人言可畏,秦怀道不怕,但不想李雪雁将来没脸见人,停下来,叮嘱道:“也好,去厨房,弄点吃的过来,雁儿喜欢吃什么就拿什么。”
“知道啦。”小鱼见秦怀道这么好说话,不像某些府上子弟一意孤行,不起下人,还贴心叮嘱,愈发欢喜里离开。
房间里,李雪雁听得真切,见秦怀道如此贴心,处处为自己考虑,心中满是欢喜,见秦怀道进来,坐起身,轻声唤道:“郎君,谢谢!”
“好好的,谢我干什么,一家人,以后不要再说这个字。”秦怀道叮嘱道,在窗檐坐下,恰巧李雪雁调整坐姿,睡意敞开,露出大片雪白,秦怀道食髓知味,顿时有些把持不住。
迎着秦怀道侵略性目光,李雪雁娇羞地低下头去,不敢面对,轻声喊道:“郎君,让雪儿先歇一会儿可好。”
“好,一会儿吃饱了再说。”秦怀道笑呵呵地答应道,想到什么,脸色一正,认真说道:“雪儿,既然你我成婚,你就是我的女人,我俩就是一家人,有些话咱们得交交心。”
“嗯,你是一家之主,又是有大本事的人,整个大唐无人可比,不像我什么都不懂,全听你的就是。”李雪雁由衷地说道。
“我不是这意思。”
秦怀道郑重起来,拿着李雪雁的手,软若无骨,白皙滑嫩,忍不住抚摸起来,继续说道:“我的处境你应该知道一些吧?”
李雪雁被抚摸的满脸通红,但没有挣扎,也认真起来,说道:“知道,圣上猜忌,但碍于朝中不少人支持郎君,加上郎君在军中和民间的巨大影响力,不得不选择隐忍,虽然圣上有容人之量,眼下不会做什么,但过些年就难说,毕竟郎君的存在对于继任者是个威胁。”

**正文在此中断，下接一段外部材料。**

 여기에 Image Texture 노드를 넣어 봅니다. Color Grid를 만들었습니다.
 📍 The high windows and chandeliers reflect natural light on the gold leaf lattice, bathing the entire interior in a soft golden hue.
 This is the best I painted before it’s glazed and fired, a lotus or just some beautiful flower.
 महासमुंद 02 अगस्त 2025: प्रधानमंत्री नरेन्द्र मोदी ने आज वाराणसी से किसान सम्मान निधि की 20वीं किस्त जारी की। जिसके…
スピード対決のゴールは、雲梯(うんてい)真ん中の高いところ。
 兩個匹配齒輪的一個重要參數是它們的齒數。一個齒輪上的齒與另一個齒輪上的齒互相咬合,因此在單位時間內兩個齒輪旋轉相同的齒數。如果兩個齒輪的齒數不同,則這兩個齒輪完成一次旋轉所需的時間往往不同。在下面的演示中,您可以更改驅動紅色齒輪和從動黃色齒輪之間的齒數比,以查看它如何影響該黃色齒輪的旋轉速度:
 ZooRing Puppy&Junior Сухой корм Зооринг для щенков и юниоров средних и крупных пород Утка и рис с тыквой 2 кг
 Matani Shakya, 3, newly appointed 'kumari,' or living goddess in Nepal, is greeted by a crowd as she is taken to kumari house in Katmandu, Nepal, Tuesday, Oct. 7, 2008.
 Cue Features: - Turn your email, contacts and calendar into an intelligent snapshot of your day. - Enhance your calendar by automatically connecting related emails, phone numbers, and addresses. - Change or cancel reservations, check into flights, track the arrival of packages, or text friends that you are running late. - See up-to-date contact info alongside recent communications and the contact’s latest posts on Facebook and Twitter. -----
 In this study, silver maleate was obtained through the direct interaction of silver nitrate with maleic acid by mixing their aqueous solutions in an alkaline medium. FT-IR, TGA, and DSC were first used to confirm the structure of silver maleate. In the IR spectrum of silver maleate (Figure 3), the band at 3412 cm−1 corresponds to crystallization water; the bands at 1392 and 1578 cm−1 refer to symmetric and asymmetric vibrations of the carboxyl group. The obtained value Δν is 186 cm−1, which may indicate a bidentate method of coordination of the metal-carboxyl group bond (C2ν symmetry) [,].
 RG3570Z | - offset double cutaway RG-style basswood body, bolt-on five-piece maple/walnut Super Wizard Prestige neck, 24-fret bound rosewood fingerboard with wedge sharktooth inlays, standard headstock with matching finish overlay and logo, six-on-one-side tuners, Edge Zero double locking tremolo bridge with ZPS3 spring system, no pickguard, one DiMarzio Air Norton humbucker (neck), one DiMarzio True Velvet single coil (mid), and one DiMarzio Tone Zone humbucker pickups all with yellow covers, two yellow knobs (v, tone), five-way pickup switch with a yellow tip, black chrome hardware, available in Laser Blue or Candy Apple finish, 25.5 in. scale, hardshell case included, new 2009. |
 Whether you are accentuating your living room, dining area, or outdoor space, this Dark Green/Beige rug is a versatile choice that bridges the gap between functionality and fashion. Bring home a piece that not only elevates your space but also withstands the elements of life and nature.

秦怀道脸色一怔,着李雪雁的眼睛一眨不眨,直接问道:“这是你自己想的,还是岳丈教过你?”
“我自己瞎猜,不知道对不对?”
秦怀道大喜,居然娶了个宝藏女孩,有这么高政治敏感力,将来说不定能帮自己参谋些事,由衷笑道:“说的很对,你有什么破解之法?”
“有三策,下策是反,但众叛亲离的可能性很大,非不得已不能走这一步;中策是走,找个没人的地方藏起来,远离是非,但圣上未必放心,赌不起;上策是拖,其实郎君已经在做,结交朝中国公和年轻一代就是拖的手段,但还不够,不过以郎君之才,想必早已暗中布局吧?”
“哈哈哈!”
秦怀道大喜,这政治眼光不俗,正好可以弥补府上不足,但没回答李雪雁的问题,转而笑道:“你要是男儿身,成就绝对不凡,不过,幸亏你是女儿身,否则我去哪儿找如此良配。”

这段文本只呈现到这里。